— Да, в самом деле, так не умеют любить у нас в Греции! — вскричала Феофания. — И признаюсь, я благодарна нашим грекам, что они не похожи на ваших аравитян! Если бы они бегали по пустыням…
"У вас и пустынь нет, — сказала с презрением Зюлейка, — кроме тех мест, где жили некогда люди и где запустение залегло теперь развалинами и кладбищами. У вас негде и ветру разгуляться: везде отравит его тлетворное дыхание человеческое…"
— Чему ты смеешься, Феония? — спросила Феофания у одной из гречанок.
"Государыня! раба твоя смеется тому, что и у нас в Греции так же любили когда-то. Есть и теперь, говорят, где-то каменный утес над морем, и с него бросались те, кто был несчастлив от любви.
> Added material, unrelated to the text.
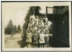
Port Simpson, B.C.: school, church, hospital (13d-c5702-d17-p56)

Говорят, что прежде на этом утесе протолпиться было невозможно".
— А теперь?
"Теперь немногие знают дорогу к этому утесу, и она так заросла крапивою и терном, что если бы кто и хотел прийти на этот утес, то не проберется по дурной дороге",
— Стало быть, теперь менее людей, несчастливых в любви?
"Не смею противоречить тебе, государыня".
— Говори.
"Осмеливаюсь думать, что теперь у нас любят иначе, и, если позволишь, я расскажу тебе, повелительница, как любят в наше время".
— Говори.
Феона начала рассказ.
"Сказывают, что когда-то, давно или недавно, право, не знаю, в одном большом городе, помнится, Эфес, жили шесть красавцев и три красавицы. Шесть красавцев влюбились в этих трех красавиц, и так влюбились, что получше Зюлейкина Малека: они решились на дело гораздо страшнее беганья по пустыням и разговаривания с ветрами, а именно — они решили жениться на красавицах, хотя старинная пословица уверяла их, будто красивая жена, что морская волна — и спит, так не верь ей".
Все засмеялись.
— Мне кажется, что ты сердита на свое зеркало, Феона, и потому сердишься на красавиц, — сказала Феофания. — Впрочем, кривой нос твой дает тебе полное право.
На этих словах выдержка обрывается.